IP: De várias maneiras. Na dança tive contato com a kinesfera [conceito desenvolvido na década de 1960 pelo artista, coreógrafo e pensador da dança Rudolf Laban], que trata do espaço pessoal que envolve os movimentos de nosso corpo. A ideia é que, ao visualizar seus movimentos nesse espaço pessoal, o sujeito passe a compreender sua estrutura de corpo espacializado e a redesenhar sua relação com o ambiente por meio do movimento. Isso abriu minha cabeça para uma série de questões. Percebi que nossos corpos poderiam ocupar espaços maiores do que estão fadados a ocupar. Além disso, com o movimento podemos modificar atmosferas opressoras ou não em que estamos inseridos. Pensar esses campos que extrapolam o movimento me atentou para processos que não estão visíveis, que excedem a corporeidade e que se modificam constantemente.
Trecho do jogo virtual When the matter is gone (2021), que trata das diferentes formas de desaparecimento.
C&AL: É o caso da pelematerial, presente em alguns trabalhos que você desenvolveu?
IP: Sim.
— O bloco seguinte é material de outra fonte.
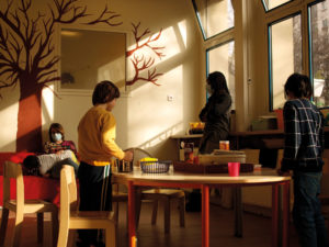 - Soigner par la rencontre avec d’autres enfants: par l’expérience de petits groupes, intermédiaires de par leur taille entre celle d’une famille et celle d’une classe, et par la vie en commun des quinze enfants accueillis chaque jour.
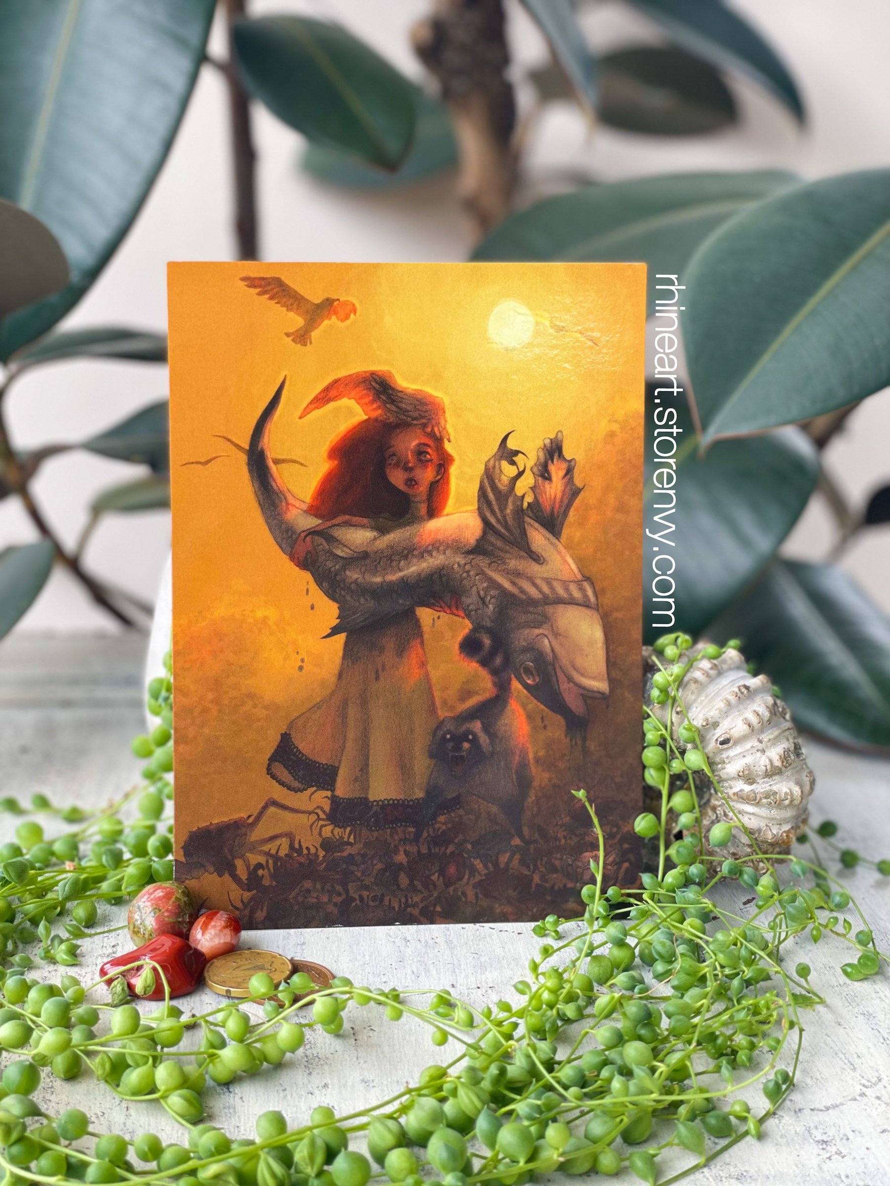 This vibrant postcard makes a great gift, or display it right at home or at the office! Can be used to write sentiments or framed as a print. Beautiful rich colors and glossy finish. Back of the card has uncoated texture for writing, and is blank except for a small gray logo and website at the bottom.
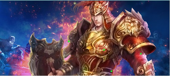 添加了火焰的光效,人物顯得比較動態鮮活,整個畫面更有一種對抗的戰火紛飛的感覺,但是現在整個畫面結合度還不夠高,這個時候我們往往會通過調整人物的色調和對比度等方法來使整個畫面更加和諧,但是不要漏掉一個重要的步驟就是環境色,可以通過在人物身上添加環境色來使人物和光效得到更好的結合,而且有質感的光效就像現在用的火焰,可以將材質疊加到人物的明暗面讓畫面更加真實生動(如圖中綠點標示部位)。最后,我們可以添加一些飄動的零散的火光,讓火焰的更有動感。
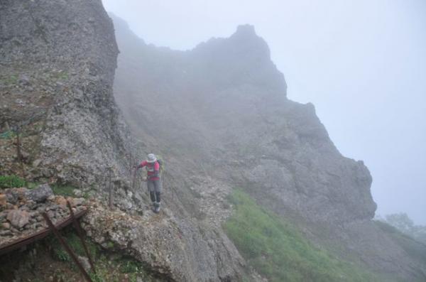 二日目は天気がよくなく視界は悪かったものの 登山道は濡れてなく、
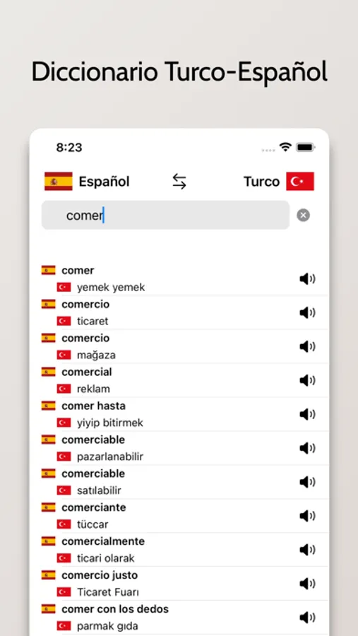 - Posibilidad de buscar a partir de palabras en Español o Turco

Após esse período entre teatro e dança, buscava outra maneira de falar do corpo. Não queria mais estar no front, com meu corpo exposto. Em 2017, comecei a misturar vários materiais em banho-maria, no fogão da minha casa, em Recife, até chegar a um resultado que julguei interessante pela plasticidade. Acompanhei essa mistura durante um tempo: viajei, voltei, fui percebendo as transformações que ela sofria. Nossa relação aconteceu assim. Não foi necessariamente programada, mas foi gestada, é fruto de um desejo de me ausentar e ainda assim estar presente. Desde o início entendi que a pelematerial não poderia ser só uma escultura ou uma matéria estática. Era algo vivo que também dançava e apresentava essa performance ao longo do tempo. A pelematerial é, de certa forma, uma extensão do meu corpo e me leva a uma série de reflexões. Entre elas, questionar a ideia de raça, conceito inventado pelo capitalismo, que tira o valor de determinado corpo pra fazer com que esse corpo, tido como sem valor, produza valor para outros corpos. Se a ideia de raça encobre e despersonifica determinados corpos, a pelematerial também age nesse sentido. Ao cobrir um objeto, ela expõe seu limite ao mesmo tempo em que o deforma.
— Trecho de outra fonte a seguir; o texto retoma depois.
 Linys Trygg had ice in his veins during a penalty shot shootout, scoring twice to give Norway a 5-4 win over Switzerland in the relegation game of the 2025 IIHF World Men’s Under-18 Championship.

Sem título, trabalho da série de monotipias A segunda forma da ausência em que o artista dá prosseguimento à pesquisa com pelematerial. Foto: Ivan Padovani/Divulgação
C&AL: O que você tem feito no momento?
IP: Desde o ano passado venho trabalhando em A segunda forma da ausência, uma série de monotipias que dá prosseguimento à pesquisa com pelematerial. Porém, nessas gravuras retiro a pelematerial das superfícies para que eu possa lidar com os resquícios e os rastros deixados por ela. A terceira fase desse processo de pesquisa é o jogo When the matter is gone (2021), que desenvolvi durante a pandemia. Nesse trabalho, meu primeiro em ambiente virtual, penso sobre as diferentes formas de desaparecimento e faço isso por meio dos corpos sonoros que desenvolvi com Anti Ribeiro. Além disso, finalizo Da frequência no tempo, obra em grande escala com pelematerial para o Parque das Esculturas, no estado do Espírito Santo. Por fim, coordeno com Ariana Nuala a primeira residência artística voltada para os doze integrantes do CARNI – Coletivo de Arte Negra e Indígena. Fundamos o grupo em 2016 e desde então tivemos uma atuação externa, buscando abrir espaço na cena de Recife para artistas negros e indígenas da região. Agora, vamos lançar um olhar interno para refletir sobre nossas próprias produções poéticas. Mas não vamos deixar de compartilhar com o público nossas reflexões. Estão previstos, a partir do final de maio, alguns encontros online. O primeiro será com a filósofa Denise Ferreira da Silva e, na sequência, acontece uma conversa com a educadora e pesquisadora Mara Pereira.
Ana Paula Orlandi é jornalista e mestre pela Escola de Comunicações e Artes da Universidade de São Paulo.